→ **COLLECTED DATA**:
---

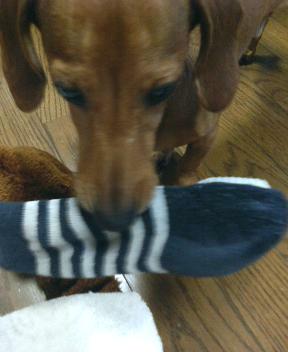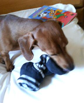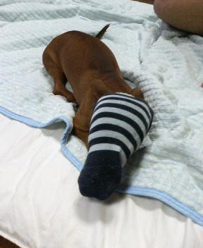 へぇ~~これが新しいパチョコンね~ だれか、遊んでよぉ みんなでパチョコンばっかやって…つまんないなぁ (_ _。)・・ 退屈なので、 【くつした】を盗んでみたり… 噛み噛みしてみたり… うぐぐぅ~ たちけて~~ くつした仮面にされてしまったぁ( ̄ロ ̄lll)
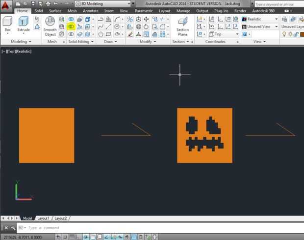 Después de crear estos cuatro planos sólidos, necesitamos darles una cara fácil de usar. El comando subtract, primero seleccione la zona que desea tener partes del (la caja externa), click derecho/enter, seleccionar la parte que desea restar (ojos y boca) y pulse Entrar/derecha haga clic en.
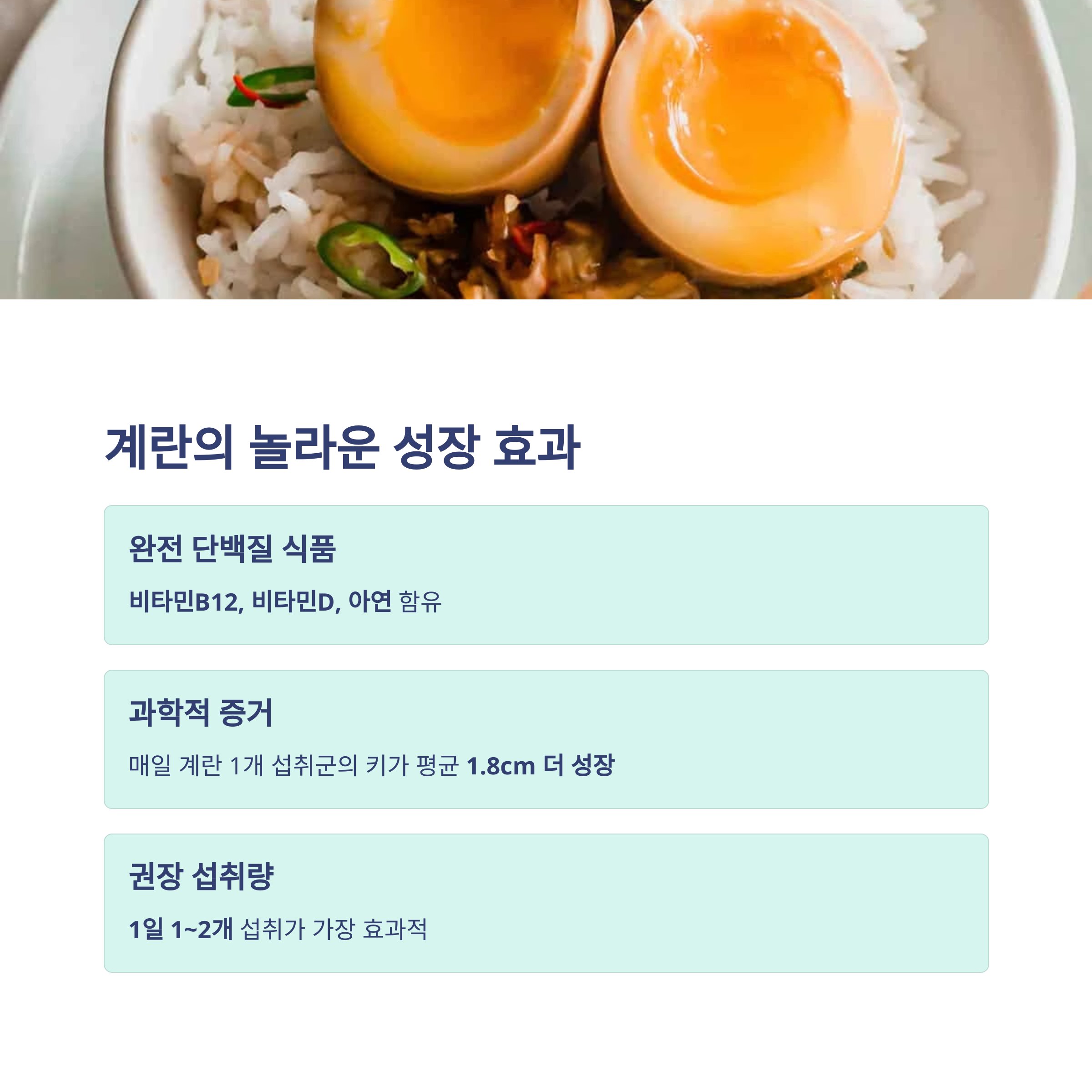 매일 계란 1개 섭취군의 키가 평균 1.8cm 더 자랐습니다.

---

→ **WHAT THE TASK REQUIRES**:
Reproduce the entire listing exactly, but omit any pictures.

→ **ANSWER BOX**:
 へぇ~~これが新しいパチョコンね~ だれか、遊んでよぉ みんなでパチョコンばっかやって…つまんないなぁ (_ _。)・・ 退屈なので、 【くつした】を盗んでみたり… 噛み噛みしてみたり… うぐぐぅ~ たちけて~~ くつした仮面にされてしまったぁ( ̄ロ ̄lll)
 Después de crear estos cuatro planos sólidos, necesitamos darles una cara fácil de usar. El comando subtract, primero seleccione la zona que desea tener partes del (la caja externa), click derecho/enter, seleccionar la parte que desea restar (ojos y boca) y pulse Entrar/derecha haga clic en.
 매일 계란 1개 섭취군의 키가 평균 1.8cm 더 자랐습니다.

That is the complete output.